Emma Overman, this month’s City Gallery artist, had long wanted to move into the city and fell in love with the Mapleton-Fall Creek neighborhood when she bought her house there a few years ago.  These days, she plays at the Children’s Museum and wanders the winding wooded streets with her daughter, Annabel.  Overman’s quirky, whimsical paintings are easily recognizable by the emotive wide faced children she sets in fantastical, sylvan, fairy tale-like settings.  But “A Stroll Around the Block” particularly celebrates her Mapleton-Fall Creek adventures with Annabel.  From the specific house on Pennsylvania that she always thought would be a grand place to have a party to the decrepit tower on 32nd and Washington that embodies every little girls’ princess dream, viewers will recognize several iconic places in this neighborhood.

But Emma’s pieces, beautifully framed in salvaged and newly painted vintage frames, feature more than the crumbling grandeur of historically significant architecture.  Sneaky vegetables grown by the man on Emma’s block “primarily because he wants to teach the neighborhood children how food grows,”  the waving monkey on the carousel at the Children’s Museum that makes Annabel laugh, hedgehogs (trimming hedges, no less), and squirrels (“I couldn’t have a city-themed show without them”) peak out of many of these paintings.  The school bus stops on the corner, an orange curtain flutters through a window, and on Delaware street, a rooster crows.

City-Slicker

“City Slicker,” Emma’s painting of a rooster is inspired by both the rooster on her block who often wakes her in the mornings, and her early-rising husband.  Some people might be surprised to find a rooster in the heart of the city, but Indianapolis stands virtually alone as a city in which both chickens and roosters are allowed, with no maximum number and no permit required.  In fact, according to city code, if you have the space, “horses, ponies, mules, donkeys, jackasses, and llamas are allowed” in city limits. My family eats eggs from the chickens raised by my doctor-neighbor down the street.  At her house, my city-kids have seen brand new baby chicks pecking their way out of their eggs, carried full grown hens around under their arms, and hunted for fantastically colored eggs in the nesting boxes in her garage.  My urban neighborhood, like Emma’s, has given my children a much broader experience than I ever would have expected.
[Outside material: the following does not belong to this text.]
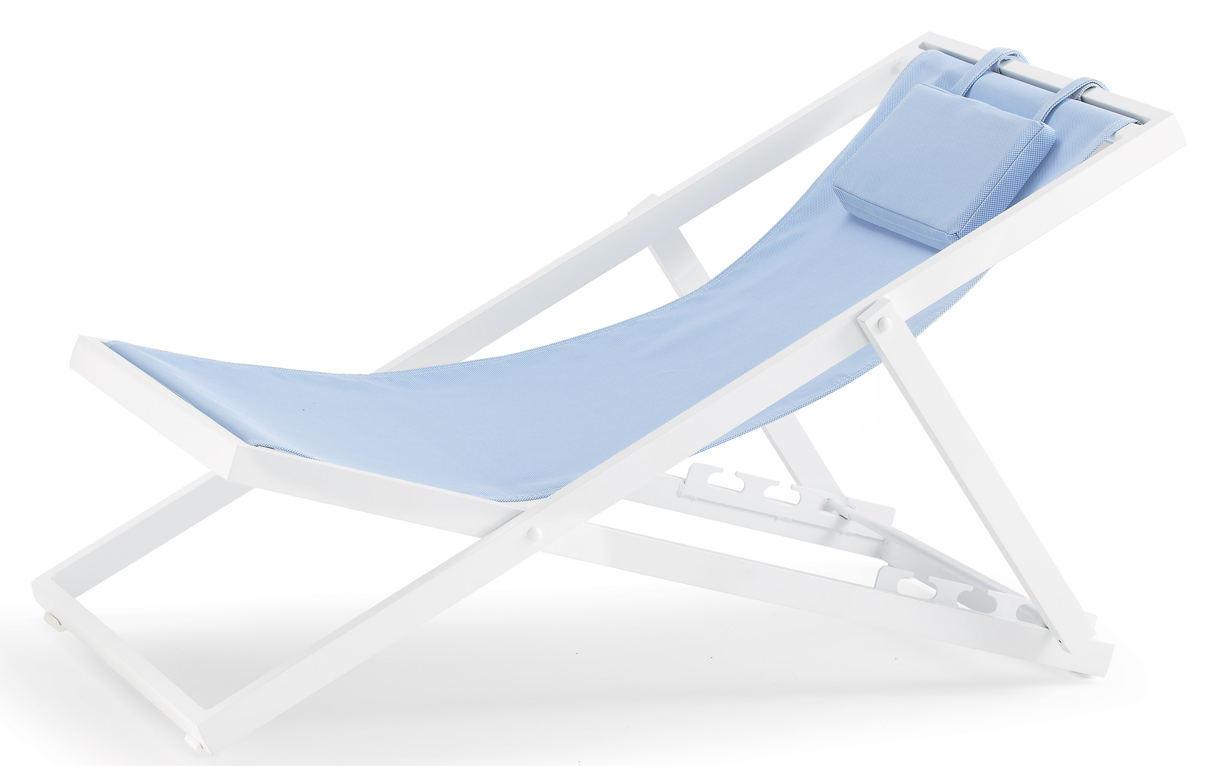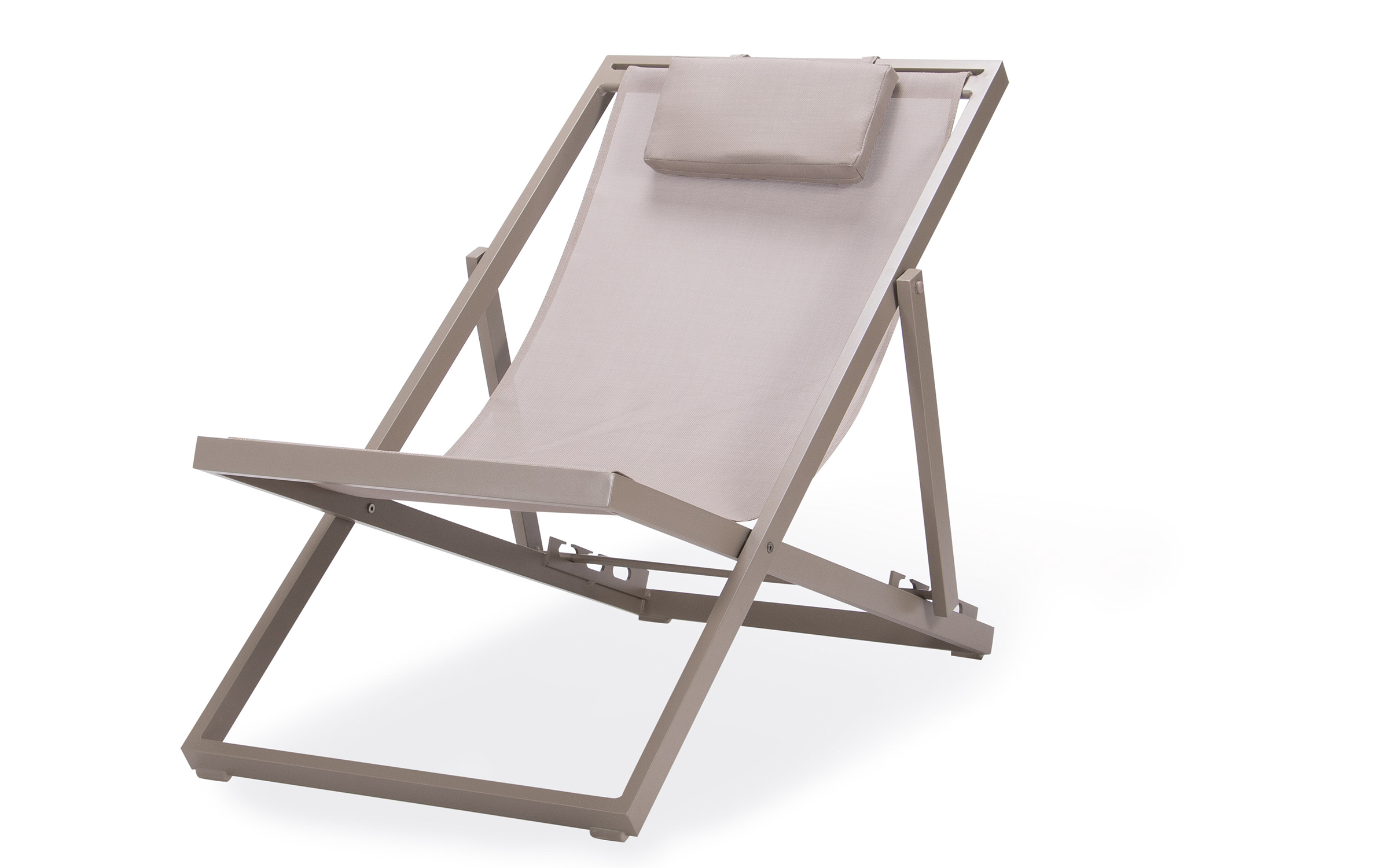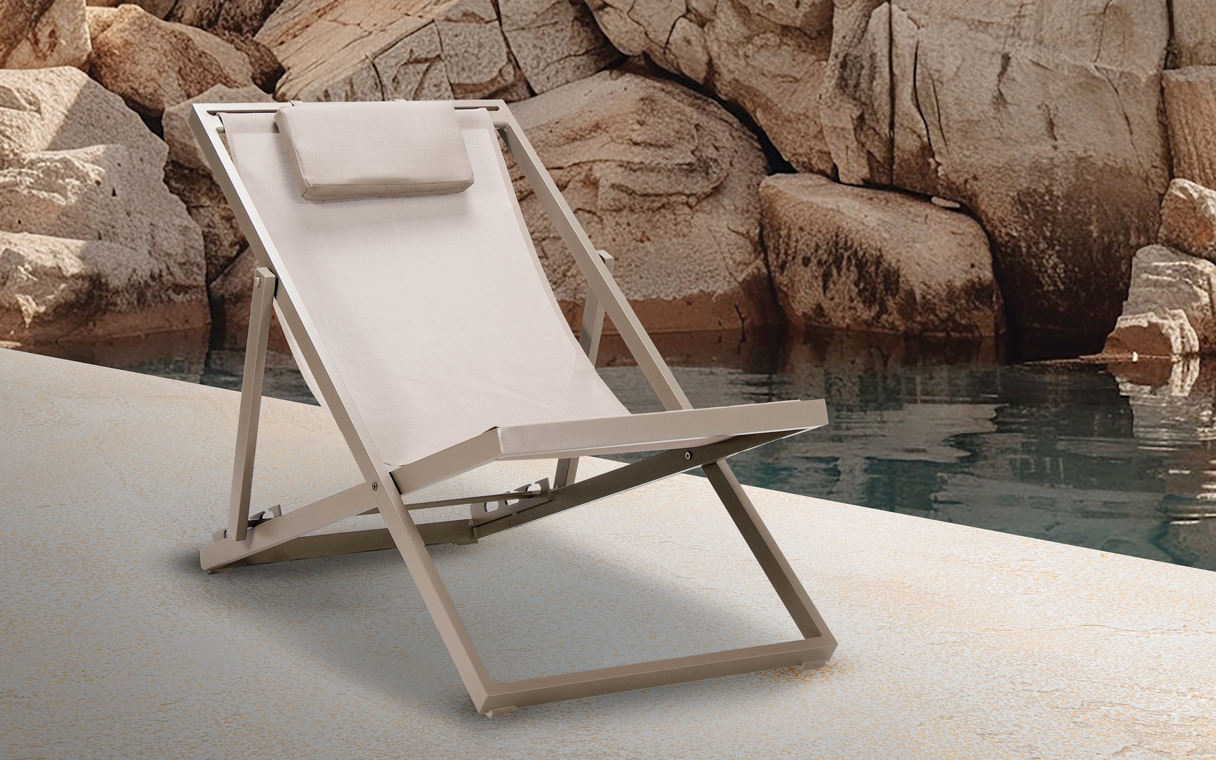 Model ten doskonale odnajduje się nie tylko w prywatnych ogrodach, ale również w przestrzeniach komercyjnych – od luksusowych stref basenowych i ośrodków wypoczynkowych, po klimatyczne plażowe bary. Prezentowany wariant łączy solidną, aluminiową konstrukcję z subtelnym wykończeniem siedziska i oparcia z tekstyliny.

As the weather warms up, we open our windows (and hear our rooster crowing) and spend evenings out on the street with our neighbors.  We feel like we get reacquainted with our own little corner of the city every spring.  This month, come to the City Gallery for a surprising and delightful stroll around Mapleton-Fall Creek as seen through the eyes of an enthusiastic resident, one of Indianapolis’s favorites, Emma Overman.